Carlos Libera, sócio da Bain & Company: “A crise vai afetar especialmente a venda de carros novos, onde essas peças são utilizadas.”

Mudança nos hábitos

De acordo com a Bain & Company, esse resultado é decorrente do novo comportamento dos motoristas: com o isolamento social e o medo de contágio pela covid-19, as pessoas passarão a transitar em pequenas distâncias e a dirigir menos, buscando por regiões mais próximas de suas residências.
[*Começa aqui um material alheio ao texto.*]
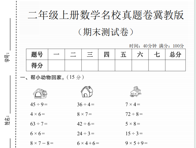 【小学数学】25秋二年级(上)数学期末名校真题卷2《冀教版》

Esse comportamento deve permanecer pelos próximos anos. Desta forma, haverá diminuição na movimentação dos veículos, exigindo, dessa forma, frequência menor de manutenção para seus veículos.

Oportunidades

O estudo da Bain & Company mostra que as empresas precisarão investir em comunicação, fidelização do cliente e oferecer serviços adicionais para reconquistar o mercado. Algumas das medidas mencionadas são preços competitivos, revisões gratuitas em veículos, contratos de serviços de longo prazo e extensão das garantias.

Para sobreviver no pós-pandemia, a pesquisa recomenda que os empresários se preparem para novas formas negócios, em um mercado ansioso por giro de caixa, aumentando da capacidade produtiva e manutenção dos níveis de estoque e de pessoal. “Esperamos que ocorra um movimento de menor dependência de cadeias de suprimento globais, especialmente a China. Nesse contexto, o Brasil pode se aproveitar para aumentar a produção para exportação a alguns países”, completa Libera.